IRCS at the crossroads - I

NEW DELHI, NOV. 1. The Indian Red Cross Society (IRCS) held its Annual General Meeting (AGM) after a gap of 12 years last month. Lying in a state of disarray for more than a decade, it ought to have been a matter for rejoicing. But unfortunately, the humanitarian organisation of national importance has been dragged to the courts for the first time in its history for the ``failure'' of both governance and management of its affairs.

In the last decade, the IRCS suffered serious managerial failures because it was headless. As stop-gap arrangements, Health Ministry bureaucrats were deputed as acting Secretary-Generals (SG). These included the then Director-General of Health Services, Dr. A. K. Mukherjee, from 1990-96, followed by the next DGHS, Dr. S.P. Aggarwal, during 1999-2000.

Given their dual charge, insiders allege, they hardly found time for the IRCS. Not a single AGM was convened after 1989. Nor were accounts presented or budgets approved, even as administrative and financial irregularities went on right under the nose of the Union Health Ministry, nodal Ministry.

Sources allege that the IRCS - created under a special Act of the IRCS Act XV of 1920 - becomes the Health Ministry's baby when desired by the Minister, who generally assumes charge as the society chairman. Other times, it is treated worse than an orphan. Both the situations are undeniably detrimental to the vitality and capacity of this great organisation, otherwise synonymous with bringing emergency assistance to millions of poor and the needy in general, particularly the victims of natural calamities.

Today, the IRCS has a regular SG - Dr.Vimala Ramalingam - appointed last March for three years and to whose credit perhaps goes the holding of the AGM.

But a petition has been filed in the Delhi High Court by the patron and Managing Body (MB) member, Mr.V.K.Luthra and Mr.Dilip Kumar Choudhury, also an MB member, seeking quashing of the appointment of Dr.Ramalingam, alleging that the President of India - who is also the IRCS president - was misled into approving her name for the post.

The selection procedure has come under attack because once the post is advertised, the MB screens and shortlists candidates for the President's approval. But the petitioners have alleged that no application was forwarded through the proper channel by Dr.Ramalingam, who was then a senior technical officer in Tamil Nadu AIDS Control Society.

In fact, six of the 12 elected MB members - Ms.Renuka Devi Barkataki (Guwahati), Mr.A.S.Grewal (Punjab), Mr.I.C.Das (Orissa), Mr.Dileep Salgaocar (Goa), Ms.Kamla Gidwani (Delhi) and Dr.K.L.Batra (Haryana) - in separate letters of dissent to Dr.S.P.Aggarwal, alleged interference by the Health Ministry in screening applications.

These members said that during the MB meeting held on July 28, 1999, the mandate of the MB was not considered which actually cleared the name of Mr.Shailendra Agnihotri.

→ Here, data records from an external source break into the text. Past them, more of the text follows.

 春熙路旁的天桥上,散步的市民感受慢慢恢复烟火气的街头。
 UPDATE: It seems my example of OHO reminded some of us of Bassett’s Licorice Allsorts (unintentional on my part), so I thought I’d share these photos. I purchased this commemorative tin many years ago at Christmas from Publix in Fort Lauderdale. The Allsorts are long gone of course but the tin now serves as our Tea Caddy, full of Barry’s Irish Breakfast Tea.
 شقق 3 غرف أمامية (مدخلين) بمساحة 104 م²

Instead, Dr.Aggarwal - allegedly at the behest of the then Health Minister, Mr.Dalit Ezhilmalai - mooted the name of Dr.Vimala Ramalingam, taking the MB by surprise. The successive Health Minister, Dr. A. Shanmugam, reportedly then got the Presidential approval suo motu.

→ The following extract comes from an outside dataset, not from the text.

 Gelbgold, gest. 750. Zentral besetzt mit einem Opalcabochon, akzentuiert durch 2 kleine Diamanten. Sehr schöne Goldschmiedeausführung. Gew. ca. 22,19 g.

The letters of dissent provoked the then Minister of State for Health, Dr.A.K.Patel, to write to the IRCS chairman on September 30,1999, seeking ``re-advertisement'' of the post. But, according to Mr.Choudhury, the society was pressured into issuing an appointment letter to Dr.Ramalingam in February 2000.

Since March 2000 when Dr.Ramalingam assumed charge - four ranks higher than her previous post - the going has been tough for her. She is accused of squandering the corpus fund to renovate her official bungalow and appointing personal staff in violation of the IRCS Act.

The petitioners have also charged Dr.Ramalingam with spending the funds raised in the name of IRCS for the Gujarat quake victims on 188 foreigners who actually rendered help at the quake site instead of IRCS volunteers under her leadership. This, again is a setback because relief operations were surrendered to foreign agencies.

Apparently, the IRCS appealed for Rs. 60 crores following the Bhuj quake. But given the magnitude of the tragedy, donations came in spontaneously to the tune of Rs. 100 crores - the highest-ever collection in the history of IRCS for a single tragedy.

While MB members say that donations have nothing to do with the SG and depends on the charitable disposition of international donors given the enormity of the situation, Dr.Ramalingam is convinced that she brought in the funds. And she sees no harm if the donor agencies send their representatives to handle the funds.